Programs: Science and Policy
Events: The Robert C. Barnard Environmental Lecture
You Can't Change Your Genes, but You Can Change the Environment: How the Environment Affects Your Health
Dr. Linda S. Birnbaum
National Institute of Environmental Health Sciences and National Toxicology Program
The incidence of conditions such as diabetes, obesity, asthma, and neurodevelopmental problems has increased substantially in the past 20 years. Yet our genes have not changed, so environmental causes may be the culprit. As Director of the National Institute of Environmental Health Sciences (NIEHS) and the National Toxicology Program, Dr. Linda Birnbaum manages a research program that investigates how the environment influences human health and disease. This presentation will review the role of the environment in health and how research in environmental health sciences can improve public health.
About Linda Birnbaum
Linda S. Birnbaum, Ph.D., is director of the National Institute of Environmental Health Sciences (NIEHS) of the National Institutes of Health (NIH), and the National Toxicology Program (NTP). As NIEHS and NTP director, Birnbaum oversees a budget of $780 million that funds biomedical research to discover how the environment influences human health and disease. The Institute also supports training, education, technology transfer, and community outreach. NIEHS currently funds more than 1,000 research grants.
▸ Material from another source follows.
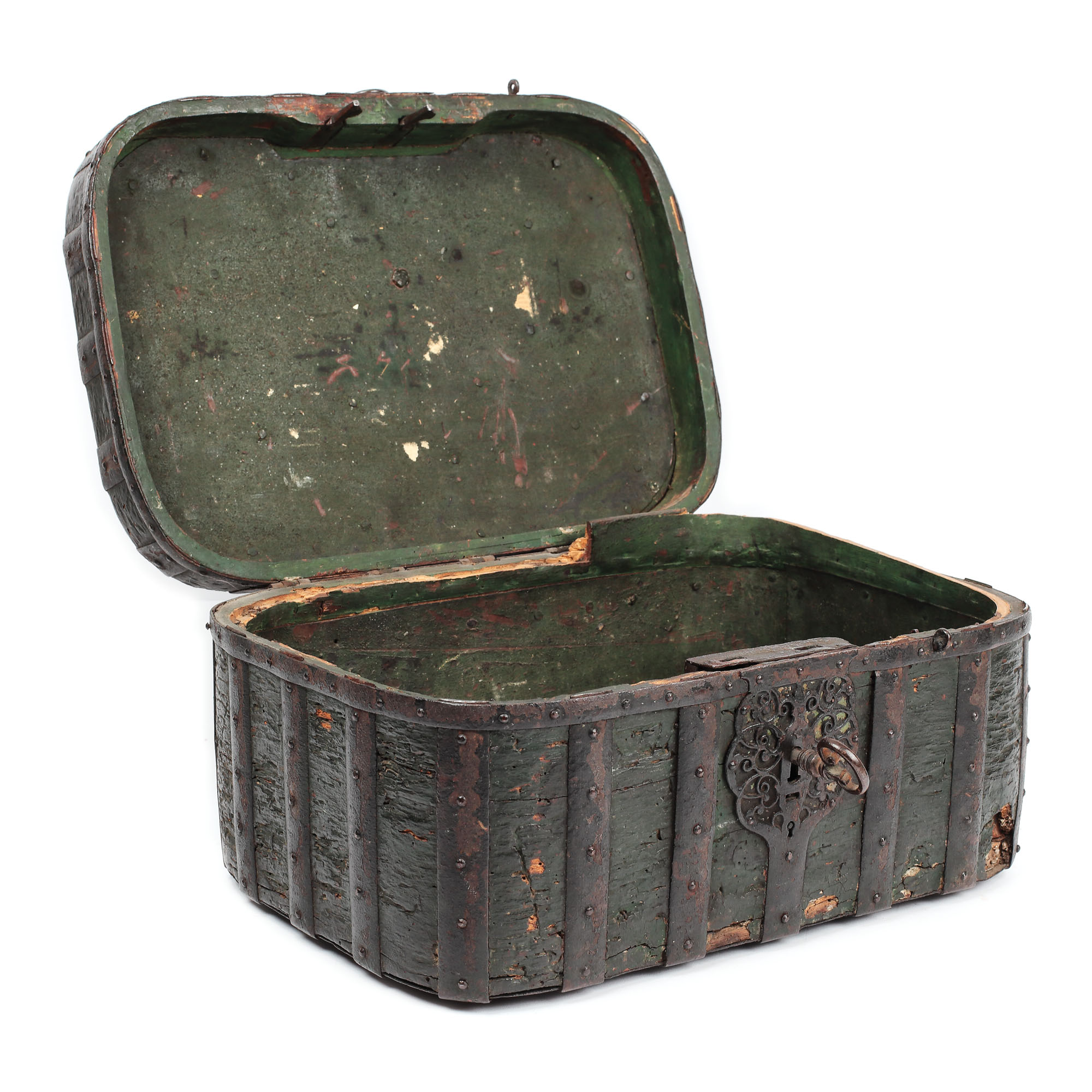 172. Interesant cufăr de călătorie, din lemn și metal, sec. XIX

A board certified toxicologist, Birnbaum has served as a federal scientist for nearly 32 years. Prior to her appointment as NIEHS and NTP Director in 2009, she spent 19 years at the Environmental Protection Agency (EPA) where she directed the largest division focusing on environmental health research. Birnbaum started her federal career with 10 years at NIEHS, first as a senior staff fellow at the National Toxicology Program, then as a principal investigator and research microbiologist, and finally as a group leader for the Institute's Chemical Disposition Group.
Birnbaum has received many awards and recognitions. In October 2010, she was elected to the Institute of Medicine of the National Academies, one of the highest honors in the fields of medicine and health. She was elected to the Collegium Ramazzini, received an honorary Doctor of Science from the University of Rochester, and a Distinguished Alumna Award from the University of Illinois. Her awards include the Women in Toxicology Elsevier Mentoring Award, the Society of Toxicology Public Communications Award, EPA's Health Science Achievement Award and Diversity Leadership Award, and 12 Science and Technology Achievement Awards, which reflect the recommendations of EPA's external Science Advisory Board, for specific publications.
Birnbaum is also an active member of the scientific community. She was vice president of the International Union of Toxicology, the umbrella organization for toxicology societies in more than 50 countries; former president of the Society of Toxicology, the largest professional organization of toxicologists in the world; former chair of the Division of Toxicology at the American Society of Pharmacology and Therapeutics; and former vice president of the American Aging Association.
She is the author of more than 700 peer-reviewed publications, book chapters, abstracts, and reports. Birnbaum's own research focuses on the pharmacokinetic behavior of environmental chemicals; mechanisms of actions of toxicants, including endocrine disruption; and linking of real-world exposures to health effects. She is also an adjunct professor in the Gillings School of Global Public Health, the Curriculum in Toxicology, and the Department of Environmental Sciences and Engineering at the University of North Carolina at Chapel Hill, as well as in the Integrated Toxicology Program at Duke University.
A native of New Jersey, Dr. Birnbaum received her MS and PhD in microbiology from the University of Illinois at Urbana-Champaign.